Sunomata Castle (墨俣城, Sunomata-jō) is a Japanese castle in Ōgaki in Gifu Prefecture at the confluence of the Sai and Nagara rivers. It is also called the Sunomata Ichiya Castle (墨俣一夜城), due to the legend that it was built in one night.

The castle was constructed by Toyotomi Hideyoshi, at the time a minor retainer of Oda Nobunaga, while they were pressing the Siege of Inabayama Castle in the mid-16th century. "The work of building at Sunomata was done by a band of adventurers under the direction of a local robber baron named Hachisuka Koroku." Hideyoshi used pre-constructed sections to put up the fortress and it was finished so quickly that it gave the impression that it was done overnight, although the work took several days to complete.

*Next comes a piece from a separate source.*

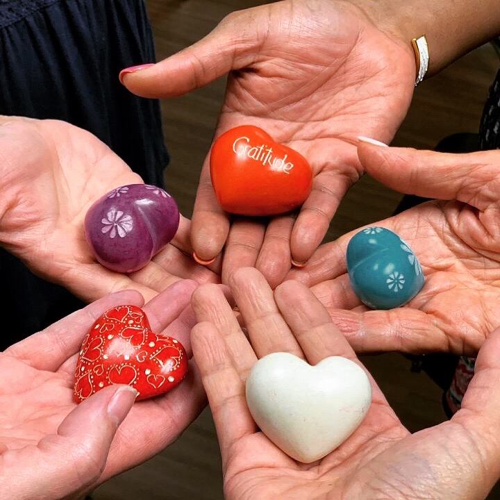 I start by analogizing that the bag is our life. The bag is empty and the things we add to the bag will influence our lives. Now, a participant can choose to throw the bag in a drawer never to be seen again or they can begin to fill it (just like our lives). I insist that the bag only be filled with things the participant personally loves, hence the hearts on the bag. Again, I need it simple, so I offer simple. A heart is the symbol of love so having the bag covered with hearts emphasized what goes in the bag. The bag is a good size but not too big to force participants to feel they have to fill the bag.

Hideyoshi's success with the construction of this castle greatly raised his prestige and standing with Nobunaga, and marked the start of his rise to fame. The "castle" was more of a wooden walled fortress, with simple watchtowers, wooden palisades, and dry moats. In reality, it was more of a border fort than a full sized castle, and was intended to intimidate, surprise and demoralize the enemy.

A faux castle tower was reconstructed in 1991 to serve as a local history museum. The reconstruction is not historically accurate, as it was modeled after the nearby Ōgaki Castle, although it contains a model of what the castle actually looked like in the museum, along with samurai armor and weapons of that time. The castle is also noted as a site to view cherry blossoms during spring.